Worth noting, said Brian Eyler of the Stimson Center think tank, was the resounding endorsement of the MRC’s reforms under CEO Pham Tuan Phan.
“What was once described as an institution adrift has been transformed into an effective, localized transboundary river organization,” he wrote in an email.
However, he cautioned that it’s up to governments to follow through on using the Council Study for planning and decision-making.
An English translation of Hun Sen’s remarks said members’ “common mandate and goal are to ensure the benefits provided by the Mekong . . . would be sustained for future generations”.
However, the statement otherwise failed to directly mention the Council Study and its dire predictions for the Kingdom’s future, including an up to 40 percent drop in fish biomass by 2040 and billions in lost GDP growth.
Eyler noted that the Council Study’s predictions for the Kingdom are very conservative and “magnitudes lower than most peer-reviewed studies of similar impacts”.
Transcripts of Laos’s and Thailand’s prime ministers’ statements were not immediately available, but according to Eyler, Laos Prime Minister Thongloun Sisoulith appeared set to go ahead with his country’s planned dam projects, which he maintained were properly approved. Eyler said Thai Prime Minister Prayuth Chan-ocha, meanwhile, hinted at an ambition for “for Thailand’s government agencies, academic institutions, and civil society organisations to rise up as the region’s sustainability leader”.
But it was Vietnamese Prime Minister Nguyen Xuan Phuc who most forcefully raised the alarm in his remarks.
“Mekong water resources have been degraded both in quantity and quality, the amounts of alluvium and nutrients are decreasing and the ecosystem and environment are seriously deteriorated,” Nguyen said. “All these negative signs are more permanent and severe in the lower Mekong basin, especially the Mekong delta of Vietnam in particular [where] the protracted drought, saline intrusion, the erosion of coastlines and riverbanks and land subsidence, [and] the livelihoods of over 20 million people are under threat.”
He went on to call for “concrete and timely action” to ensure the basin continues to be the “rice bowl and fishing ground in the region”, as it has been for centuries.
However, Vietnam aside, conservationists such as Maureen Harris of International Rivers said the declaration and statements “don’t go far enough given the scale of the threats to the basin’s ecosystems and people”.
“However, what is now critical is that the findings and recommendations are taken up by member governments in a meaningful way and used [to] inform policy and practice,” she wrote in an email, noting that renewable alternatives to hydropower must be considered as they are explicitly recommended in the Council Study.

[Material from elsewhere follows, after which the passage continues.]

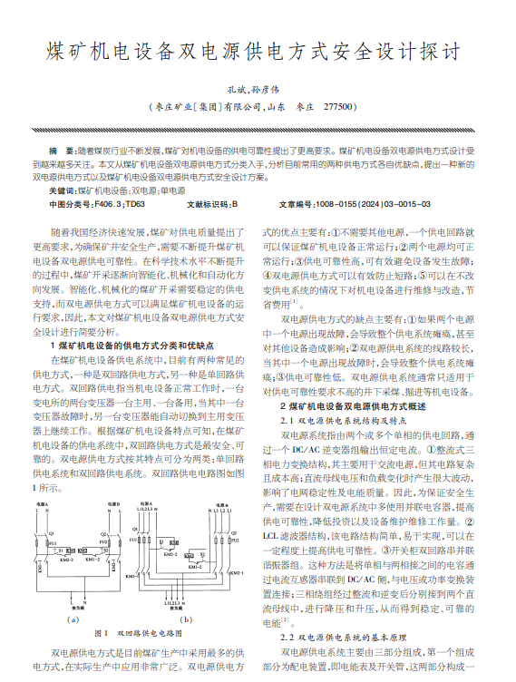 随着煤炭行业不断发展,煤矿对机电设备的供电可靠性提出了更高要求。煤矿机电设备双电源供电方式设计受 到越来越多关注。本文从煤矿机电设备双电源供电方式分类入手,分析目前常用的两种供电方式各自优缺点,提出一种新的 双电源供电方式以及煤矿机电设备双电源供电方式安全设计方案。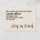 Mantenha seus amigos e familiares atualizados com seu novo endereço usando esses cartões de gabinete modernos. O design apresenta elementos de tipografia contrastantes, em letras minúsculas. Seu nome aparece em uma fonte serif forte e em negrito, à esquerda da frente do cartão. Abaixo, à direita, coloquei uma camada gráfica de tipografia que apresenta uma fonte moderna de escrita manual, que diz "se moveram". No verso, a fonte serif foi usada na configuração do modelo, onde você adicionará seus detalhes pessoais; basta usar o campo fornecido para substituir meu texto de espaço por seu próprio. Esses detalhes aparecem alinhados à esquerda e na parte superior da parte traseira. Na parte inferior direita, usando a mesma fonte de script na parte frontal, adicionei "permaneça em contato". Se você quiser alterar a fonte ou os tamanhos de qualquer um dos seus detalhes pessoais, basta clicar para personalizar ainda mais. Também neste caso, poderá acrescentar mais linhas de texto, como números de telefone adicionais, caso seja necessário. O plano de fundo pode ser alterado para qualquer cor que você preferir. 94 //

She also called for a moratorium on further hydropower construction “until a regional study of renewable energy technologies . . . is completed,” she said.
Cambodia National Mekong Committee Secretary-General Te Navuth said in an interview on Thursday that while the Kingdom’s position on hydropower hasn’t shifted, the declaration signals a more cautious approach, and an opening to considering alternatives.
“I think the solar and wind power are still not popular in our region, but if they are cheaper then maybe they are an alternative . . . if they can meet the demand,” he said.
Meanwhile, uncertainty remains over China’s ambitions in regional water management and the future of the MRC in light of the establishment of Beijing’s Lancang-Mekong Cooperation Mechanism in 2015, followed by the creation of a water management centre last year. China’s statement at the summit, delivered by Water Resources Minister E Jingping, stated a “willingness” to work with the MRC, and that the LMC “will not replace” but rather “coordinate” with the body.
Harris said China’s involvement in the summit and proposed collaboration between the LMC and MRC “will help address the current lack of accountability for the impacts of existing hydropower projects, including downstream impacts of Lancang dams on riparian communities in the Lower Mekong”.
“The cooperation should include establishing stronger water governance procedures for the basin that include China,” she said.